(Exercise) Below is a listing. Set down exactly the lines from the one containing "Make an unforgettable" through the one containing "Anillo de Acero", both ends included, and leave out the rest.

(Supplied data)

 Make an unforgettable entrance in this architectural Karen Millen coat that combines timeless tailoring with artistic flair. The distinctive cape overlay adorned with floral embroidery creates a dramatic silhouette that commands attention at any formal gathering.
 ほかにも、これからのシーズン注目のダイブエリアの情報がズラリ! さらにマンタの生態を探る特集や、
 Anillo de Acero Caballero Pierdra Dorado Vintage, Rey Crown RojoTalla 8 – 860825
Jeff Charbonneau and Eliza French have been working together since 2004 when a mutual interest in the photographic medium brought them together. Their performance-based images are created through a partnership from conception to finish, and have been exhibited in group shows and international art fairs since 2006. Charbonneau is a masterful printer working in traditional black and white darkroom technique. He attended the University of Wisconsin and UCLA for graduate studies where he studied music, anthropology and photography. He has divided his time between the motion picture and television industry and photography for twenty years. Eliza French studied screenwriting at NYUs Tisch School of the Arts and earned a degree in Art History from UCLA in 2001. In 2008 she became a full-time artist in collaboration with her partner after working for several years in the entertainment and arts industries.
...
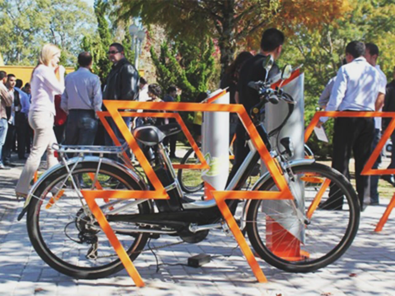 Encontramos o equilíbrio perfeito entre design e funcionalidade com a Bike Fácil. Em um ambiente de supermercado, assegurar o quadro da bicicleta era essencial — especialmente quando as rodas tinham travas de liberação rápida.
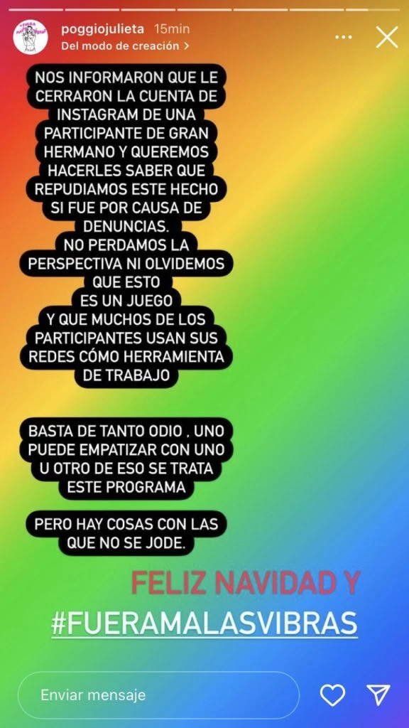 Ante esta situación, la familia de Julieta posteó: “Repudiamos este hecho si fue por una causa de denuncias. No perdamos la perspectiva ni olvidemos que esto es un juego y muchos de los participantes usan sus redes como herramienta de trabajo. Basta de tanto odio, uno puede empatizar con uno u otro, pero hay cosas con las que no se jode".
...
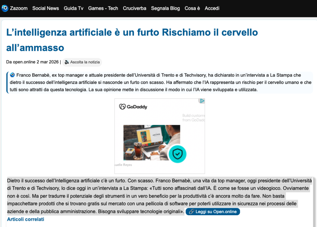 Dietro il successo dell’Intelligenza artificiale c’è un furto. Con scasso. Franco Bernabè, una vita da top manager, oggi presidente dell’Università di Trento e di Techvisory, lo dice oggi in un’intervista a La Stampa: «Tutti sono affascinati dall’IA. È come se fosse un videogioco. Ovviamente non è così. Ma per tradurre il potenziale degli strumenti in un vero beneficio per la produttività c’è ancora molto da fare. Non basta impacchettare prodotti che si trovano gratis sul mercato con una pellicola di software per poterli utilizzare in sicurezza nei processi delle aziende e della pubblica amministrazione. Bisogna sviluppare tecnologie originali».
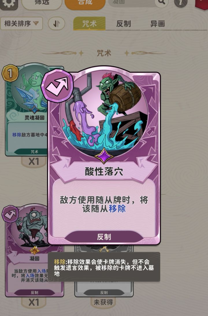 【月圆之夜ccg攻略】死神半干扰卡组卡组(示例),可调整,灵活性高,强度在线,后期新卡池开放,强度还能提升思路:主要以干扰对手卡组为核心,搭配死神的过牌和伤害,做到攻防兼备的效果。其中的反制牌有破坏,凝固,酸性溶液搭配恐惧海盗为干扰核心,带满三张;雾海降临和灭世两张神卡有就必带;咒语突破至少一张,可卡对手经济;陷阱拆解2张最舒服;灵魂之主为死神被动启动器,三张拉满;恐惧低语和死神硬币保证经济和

(Answer below)
 Make an unforgettable entrance in this architectural Karen Millen coat that combines timeless tailoring with artistic flair. The distinctive cape overlay adorned with floral embroidery creates a dramatic silhouette that commands attention at any formal gathering.
 ほかにも、これからのシーズン注目のダイブエリアの情報がズラリ! さらにマンタの生態を探る特集や、
 Anillo de Acero Caballero Pierdra Dorado Vintage, Rey Crown RojoTalla 8 – 860825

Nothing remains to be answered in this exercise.